19      A Associazione nazionale Società Organismi di Attestazione (a seguir «Unionsoa») alega que o pedido de decisão prejudicial é inadmissível, porque não é pertinente para a resolução do litígio no processo principal, uma vez que o órgão jurisdicional de reenvio já declarou que a legislação nacional em matéria de tarifas das SOA se justifica.

20      A este respeito, importa recordar‑se que, segundo jurisprudência constante do Tribunal de Justiça, as questões relativas à interpretação do direito da União, submetidas pelo juiz nacional no quadro regulamentar e fatual que este define sob a sua responsabilidade, gozam de uma presunção de pertinência (v. acórdão de 30 de maio de 2013, X, C‑651/11, n.° 20 e jurisprudência referida).

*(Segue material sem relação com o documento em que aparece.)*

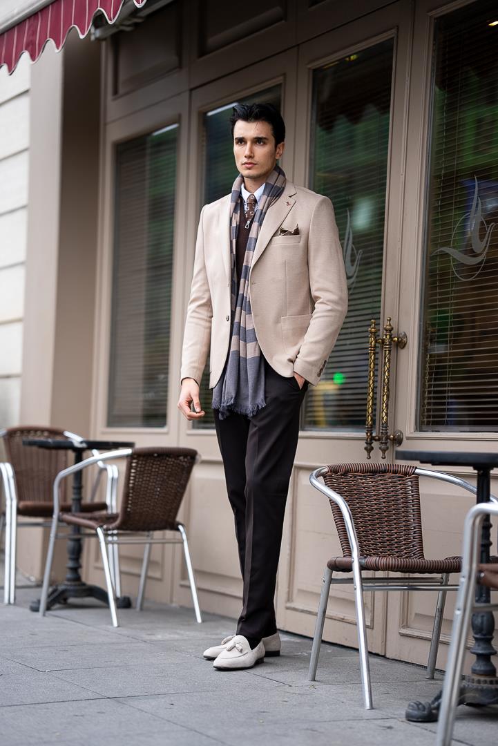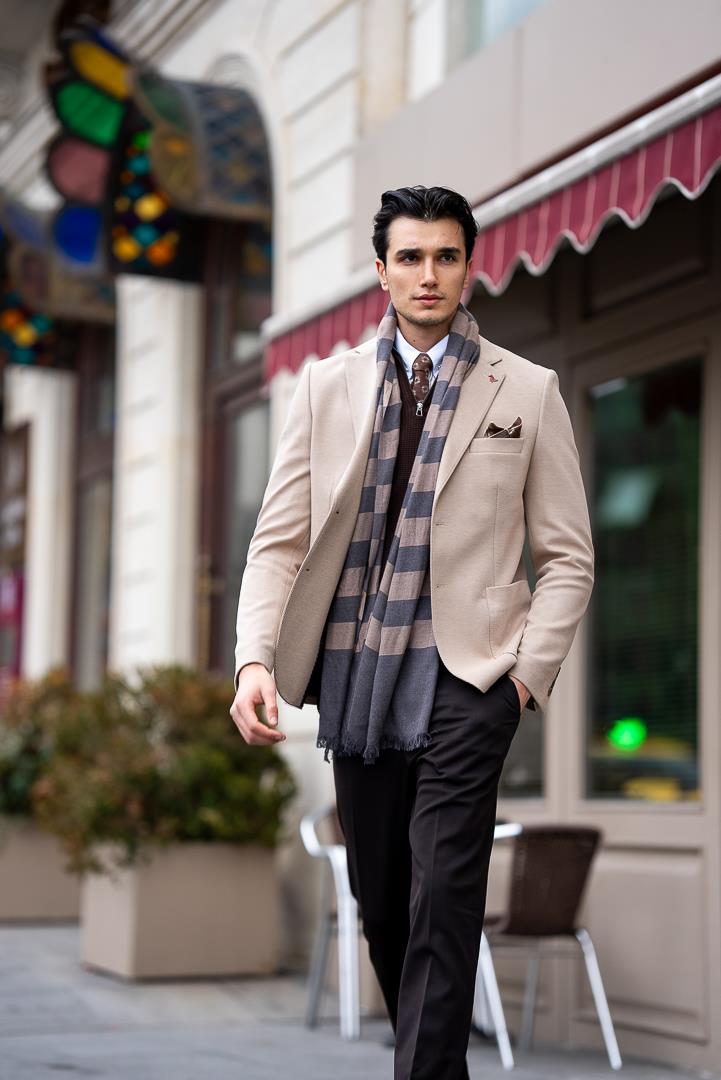 Introducing our Men's Beige Slim Fit Mono Collar Blazers,

21      O Tribunal de Justiça só pode recusar‑se a responder a um pedido submetido por um órgão jurisdicional nacional quando for manifesto que a interpretação solicitada do direito da União não tem nenhuma relação com a realidade ou com o objeto do litígio no processo principal, quando o problema for hipotético, ou ainda quando o Tribunal de Justiça não disponha dos elementos de facto e de direito necessários para dar uma resposta útil às questões que lhe foram submetidas (v. acórdão X, já referido, n.° 21 e jurisprudência referida).

22      Ora, não se pode deixar de observar que, neste caso, não decorre de forma manifesta dos autos submetidos ao Tribunal de Justiça que a interpretação do direito da União solicitada pelo órgão jurisdicional de reenvio não tem nenhuma relação com o objeto do litígio no processo principal, ou ainda que o problema suscitado por este seja hipotético.

23      Com efeito, o órgão jurisdicional de reenvio a que foi submetido o pedido de reforma da sentença do Tribunale amministrativo regionale per il Lazio, ao declarar que era possível não aplicar as tarifas mínimas relativas à atividade de certificação das SOA, considera que a resolução do litígio no processo principal depende da questão de saber se o direito da União em matéria de concorrência obsta a uma legislação nacional que impõe às SOA um regime de tarifas mínimas pelos serviços que prestam. Portanto, a apreciação da legislação nacional relativa às referidas tarifas ainda não foi efetuada de forma definitiva pelo órgão jurisdicional de reenvio.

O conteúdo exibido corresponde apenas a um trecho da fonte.